- Opening Delimiter -
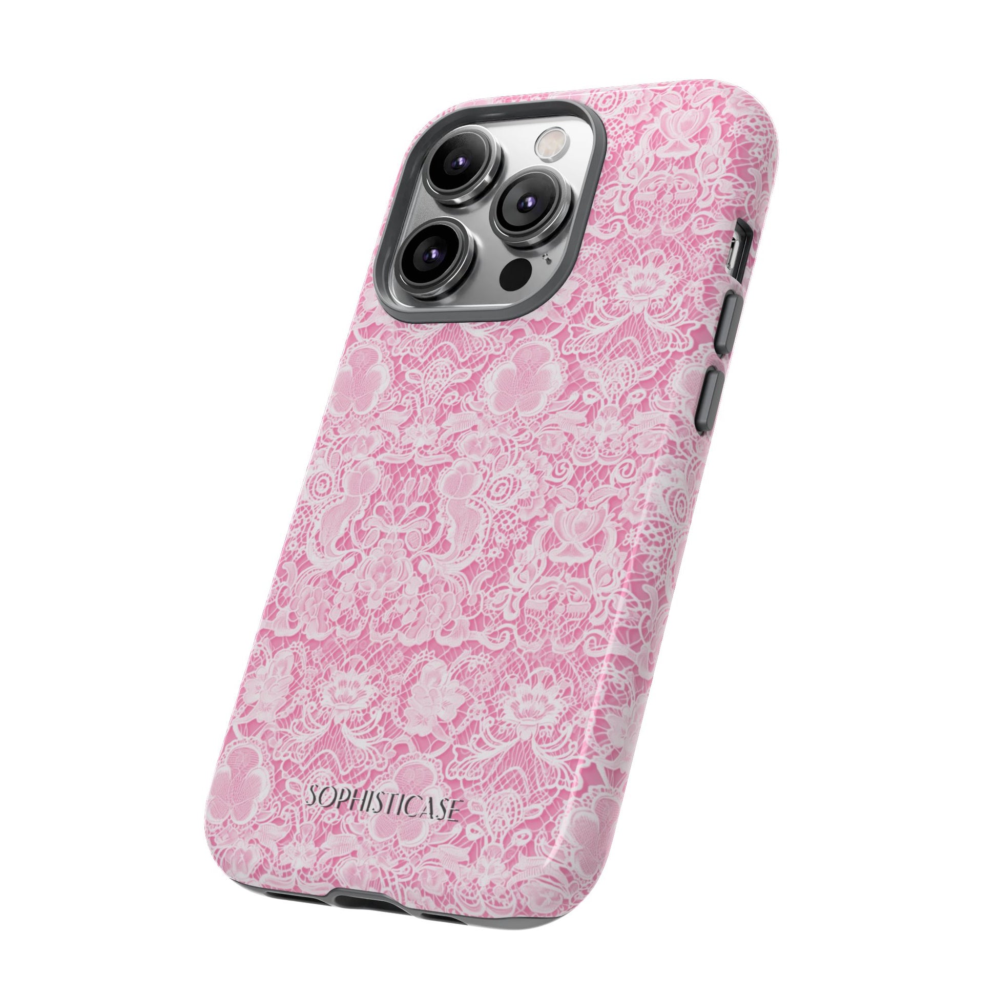 Our Luxe Lace tough case in pink, perfect for the lady looking for an aesthetic lace print and every day durability. Our tough cases provide superior 6ft drop protection for your phone with a durable outer shell and a shock absorbing inner liner, keeping your phone safe from drops and bumps. It's giving everything you need; vintage lace aesthetic with everyday strength. ✨
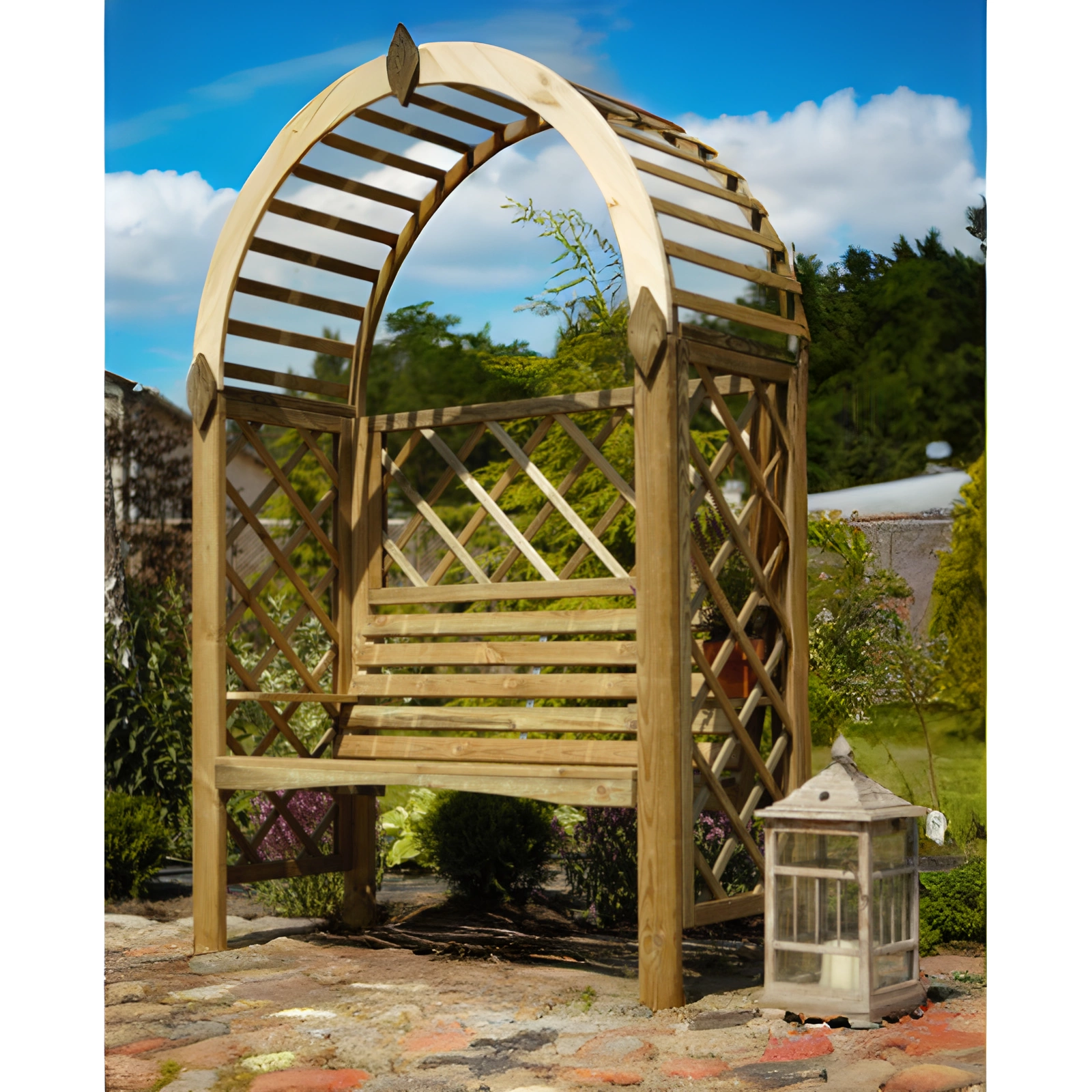 • Pergolato in legno con tetto ad arco. Una panca ampia e comoda con seduta profilata, comodi braccioli.
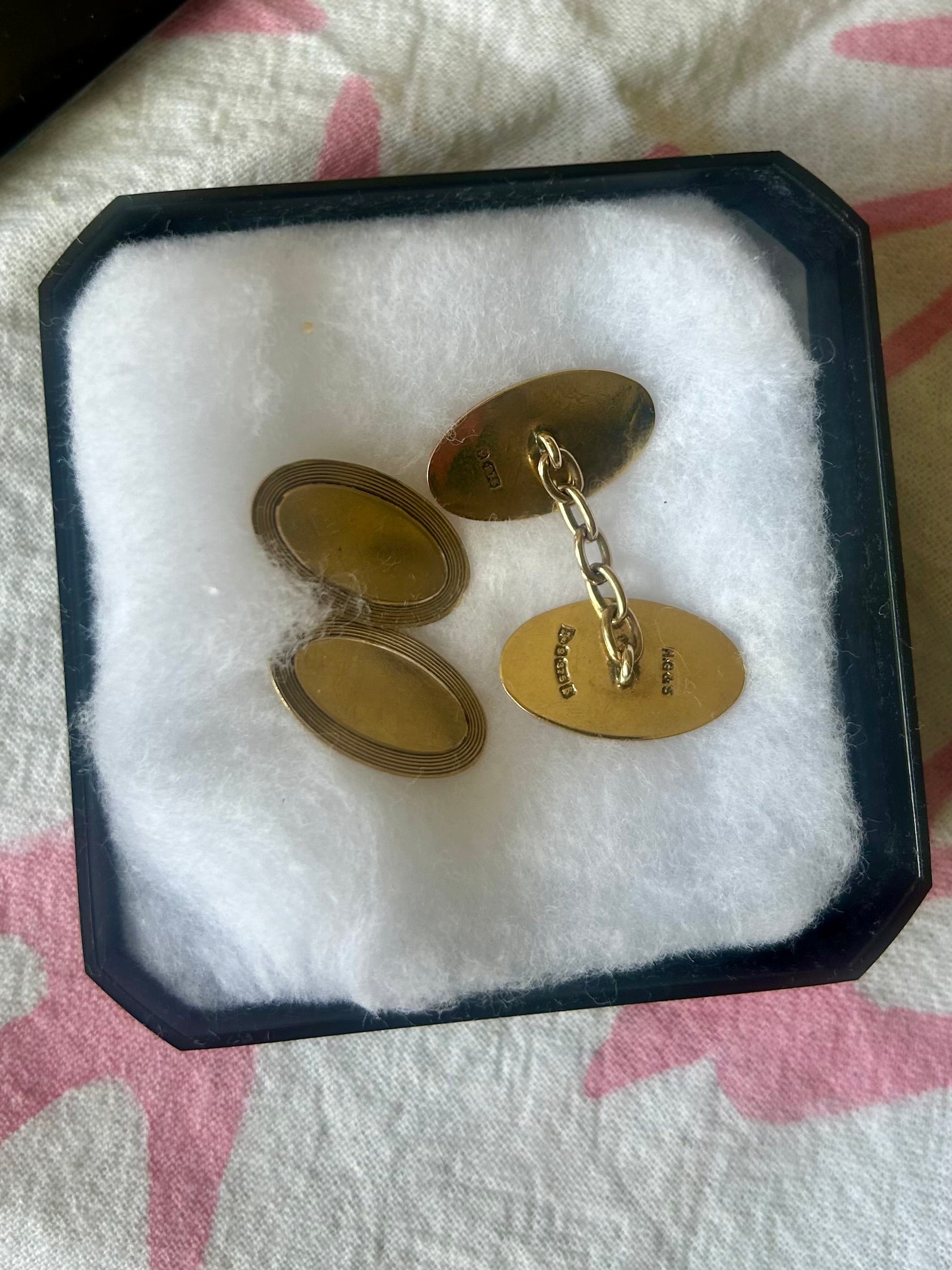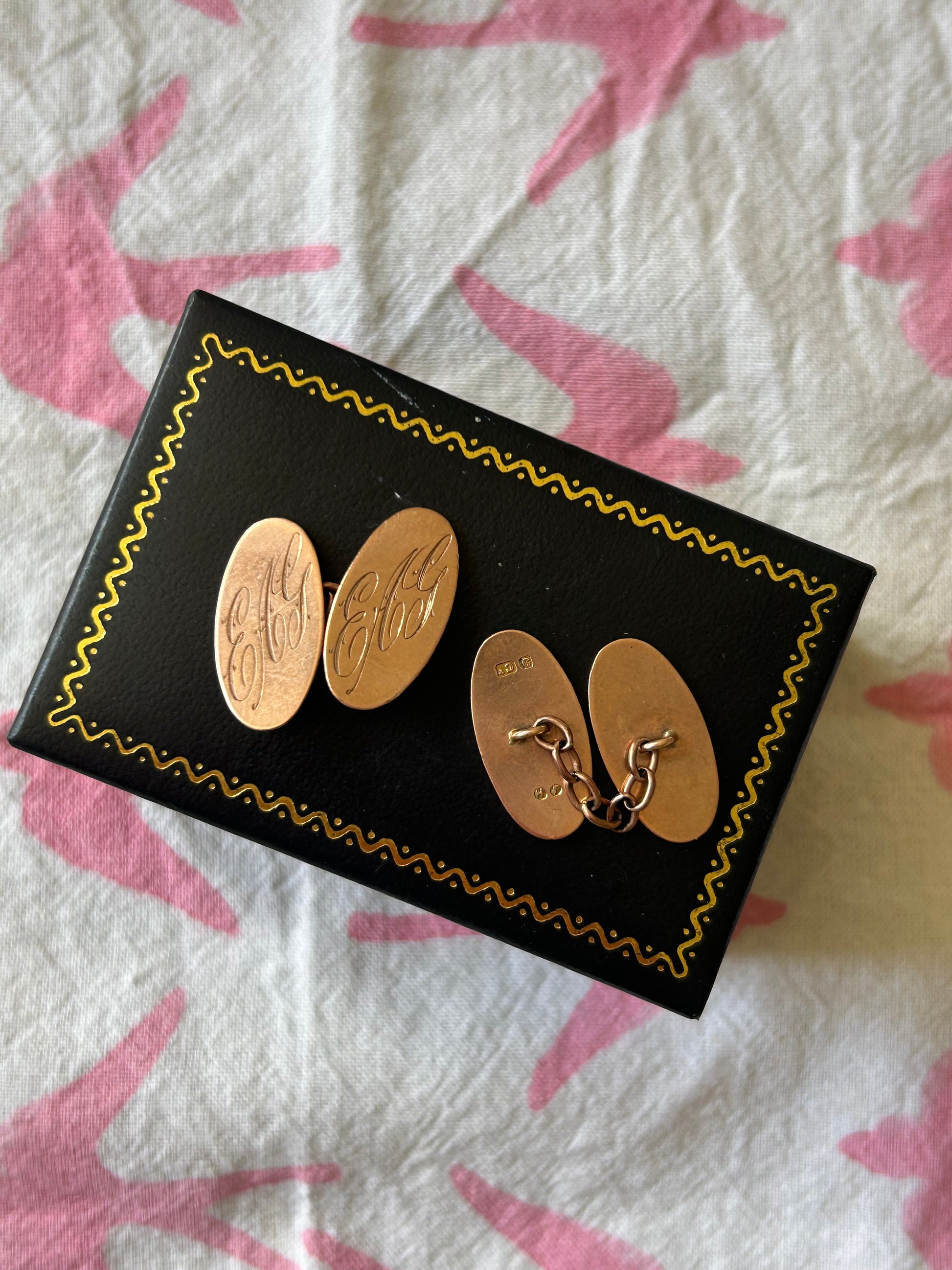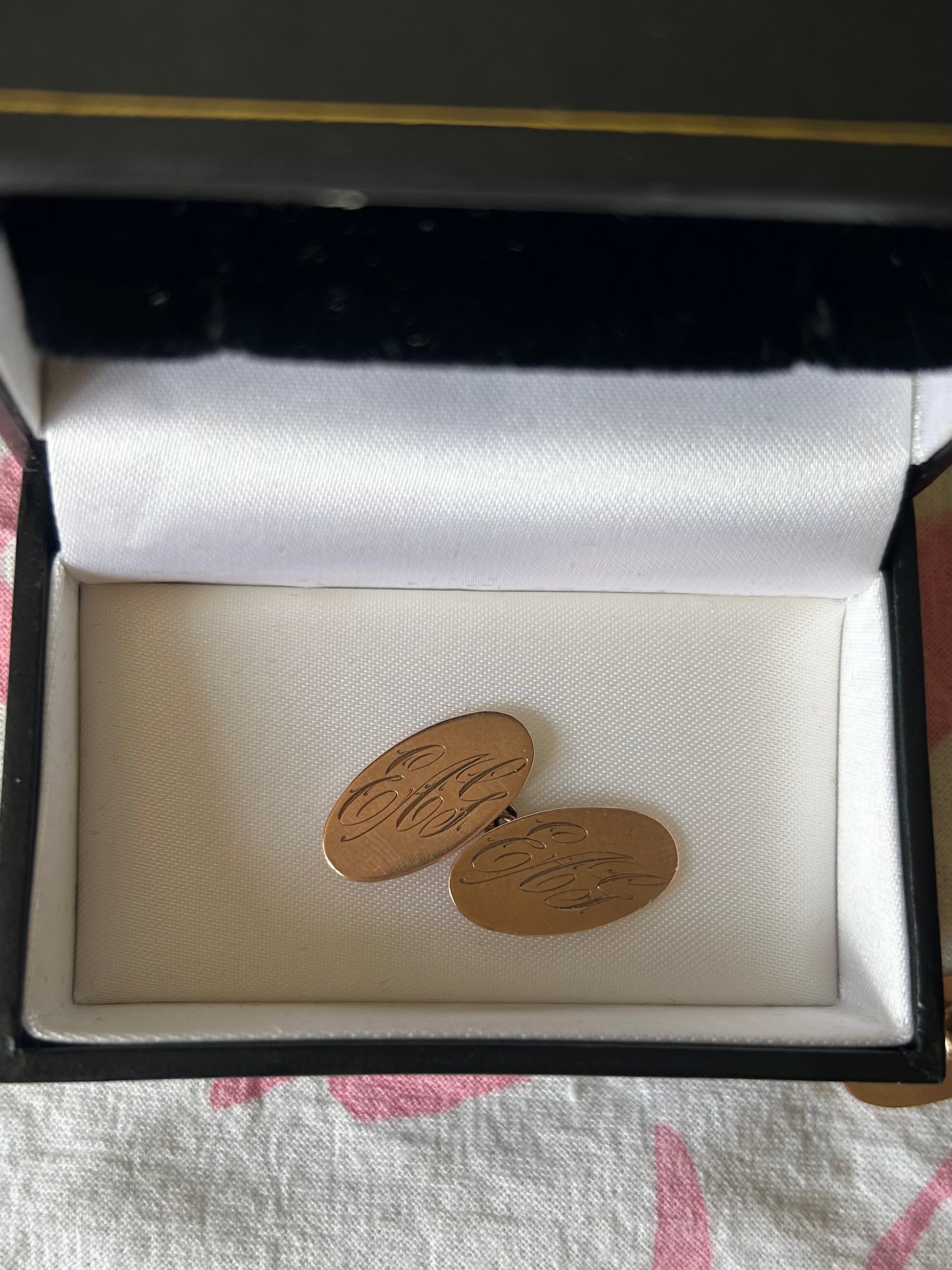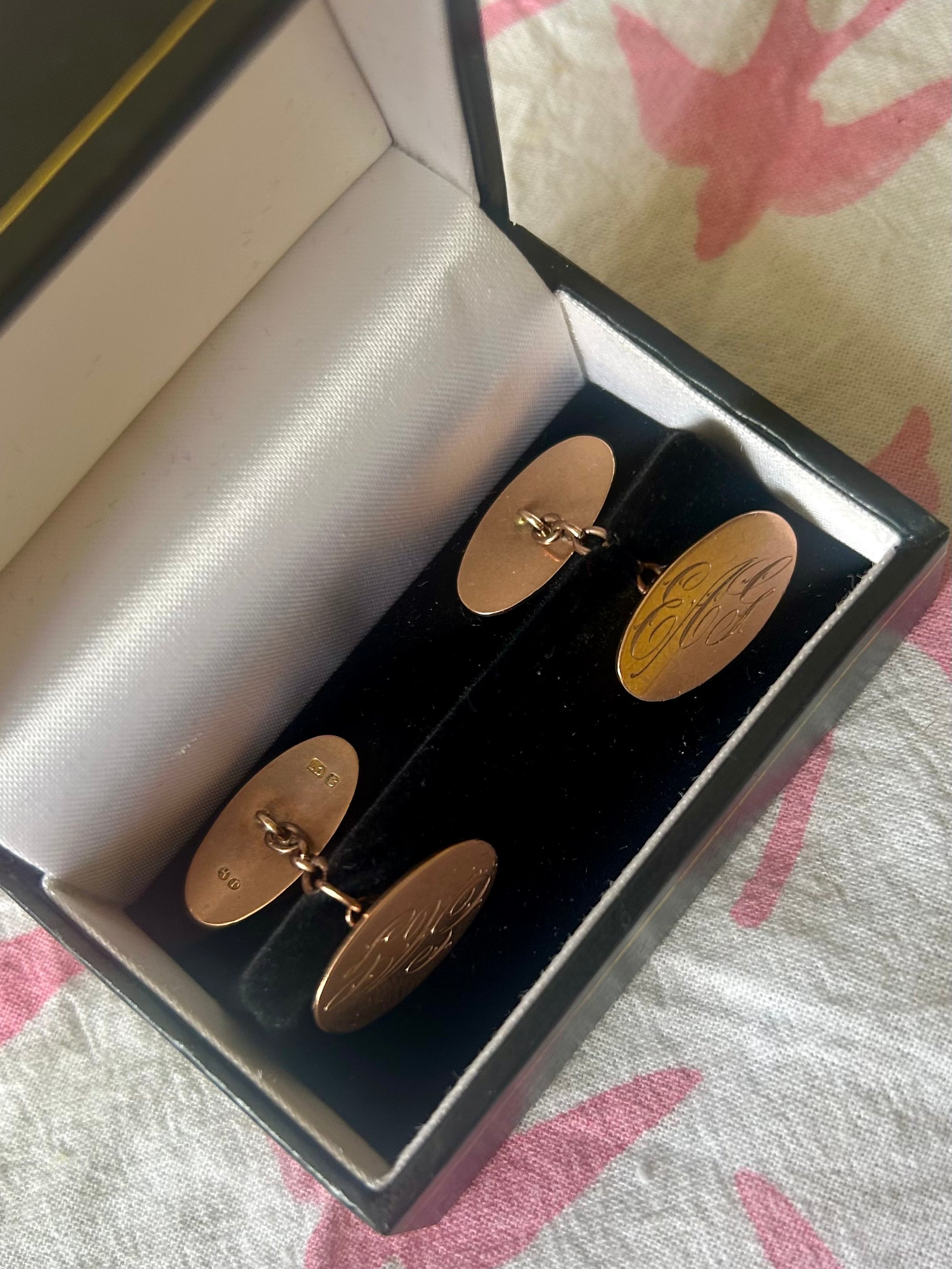 I have two pairs of these smart cufflinks, one is a special pair of antique rose gold cufflinks engraved with the initials EAG, and the other are yellow gold with lovely detailing around the edge
- Closing Delimiter -
**Exercise aim**
The data shown above must be printed again exactly, with no images included.

**Solution to this exercise**
 Our Luxe Lace tough case in pink, perfect for the lady looking for an aesthetic lace print and every day durability. Our tough cases provide superior 6ft drop protection for your phone with a durable outer shell and a shock absorbing inner liner, keeping your phone safe from drops and bumps. It's giving everything you need; vintage lace aesthetic with everyday strength. ✨
 • Pergolato in legno con tetto ad arco. Una panca ampia e comoda con seduta profilata, comodi braccioli.
 I have two pairs of these smart cufflinks, one is a special pair of antique rose gold cufflinks engraved with the initials EAG, and the other are yellow gold with lovely detailing around the edge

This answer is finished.